06 Introduction to the Analysis of Patterns & Relationships.
Analysis of Police Demand and Resource Management
Introduction to Police Demand
- The demand for police services has surged faster than the resources available, prompting forces to adopt new methods for prioritizing responses.
- This observation is rooted in a 1993 UK Audit Commission report, which remains relevant today due to ongoing economic challenges affecting law enforcement budgets.
Role of Analysts in Policing
- Analysts play a crucial role in managing police responses by identifying significant patterns and trends from large datasets.
- Their work aims to optimize the use of limited resources by focusing on areas where they can have the greatest impact.
Understanding Mathematical Operations
Importance of Order in Mathematics
- The order of mathematical operations is essential; without it, different individuals may arrive at varying answers for the same problem.
- A mnemonic device, "Please Excuse My Dear Aunt Sally," helps remember this order: Parentheses, Exponents, Multiplication/Division (left to right), Addition/Subtraction (left to right).
Example Calculations
- An example illustrates how following the correct order leads to accurate results: 30 / 5 * 2 + 1.
- The calculation shows that performing operations from left to right ensures consistency and correctness in arriving at the final answer.
Complex Mathematical Examples
Advanced Calculation Techniques
- A more complex example demonstrates using all six operations: 5 + (4 - 2)^2 * 3 / 6 - 1.
- Step-by-step calculations reveal how parentheses dictate initial operations followed by exponents, multiplication/division, and finally addition/subtraction.
Statistics in Policing
Perception of Statistics
- Many people recoil at the mention of statistics due to a lack of understanding; this includes researchers and police officers alike.

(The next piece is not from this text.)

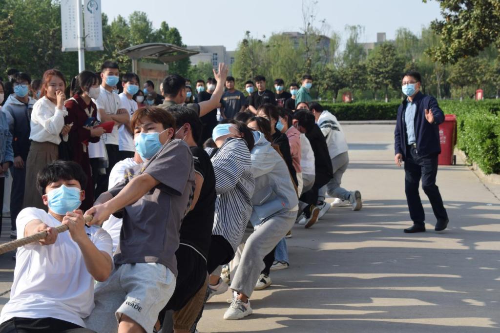 为常态化地贯彻落实团中央、教育部、国家体育总局、全国学联《关于开展大学生“走下网络、走出宿舍、走向操场”主题群众性课外体育锻炼活动的通知》的有关要求,引导和帮助大学生培养良好的体育锻炼习惯,提升身体素质、磨练坚强意志,缓解疫情期间焦虑情绪,营造健康向上校园文化氛围,4月19日,检察系举行了“走下网络、走出宿舍、走向操场”三走系列活动启动仪式,并举办了“三走”系列活动的第一站:拔河比赛。

- Despite their complexity, basic statistical tools are used daily by most individuals without realizing it.
Understanding Statistics as Tools
- Statistics serve as tools for data reduction and demonstrating relationships between variables. They encompass collection, organization, analysis, interpretation, and presentation of data.

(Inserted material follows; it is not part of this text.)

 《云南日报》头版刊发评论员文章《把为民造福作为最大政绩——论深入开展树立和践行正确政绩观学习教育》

Historical Context and Development
Evolution of Data Collection in Law Enforcement
- Since Sir Robert Peel's era, law enforcement agencies have collected data—often underutilized—especially in developing countries.
- Advances in technology have enhanced data collection capabilities but highlight the need for understanding basic statistical tools.
Branches of Statistics
Descriptive vs. Inferential Statistics
- There are two main branches: descriptive statistics summarize data through tabular or graphical methods while inferential statistics draw conclusions about larger populations based on sample data.
Understanding Descriptive and Inferential Statistics
The Role of Descriptive Statistics
- Descriptive statistics are essential for interpreting data subject to random variation, making it easier to visualize and understand large datasets.
- This branch of statistics employs various tools to summarize quantitative data, helping identify patterns within the dataset.
- It utilizes tabulated descriptions (tables), graphical representations (graphs/charts), and statistical commentary to present data meaningfully.
- However, descriptive statistics only summarize the measured data without allowing conclusions beyond that specific dataset.
- Despite their limitations, they help visualize characteristics of voluminous data, aiding in understanding.
Transitioning to Inferential Statistics
- Inferential statistics extend beyond summarizing data; they allow us to draw conclusions about a population based on sample analysis.
- A population encompasses all individuals or items of interest; for example, adults in a housing estate or burglaries in a specific division.
- Parameters represent properties of populations (like mean or range), while statistics refer to similar properties derived from samples due to limited access to entire populations.
- Techniques in inferential statistics enable generalizations about larger populations using smaller representative samples.
- It's crucial that samples accurately reflect the population's characteristics for valid inferential conclusions.
Exploring Measures of Central Tendency
- In this module, we will delve deeper into descriptive statistics focusing on measures like central tendency and spread through tables and graphs.
- Measures of location summarize datasets by identifying a central value around which the data clusters; common measures include mean, median, and mode.
- The average (mean), calculated as the sum of all measurements divided by observations, serves as a balance point representing typical values within the dataset.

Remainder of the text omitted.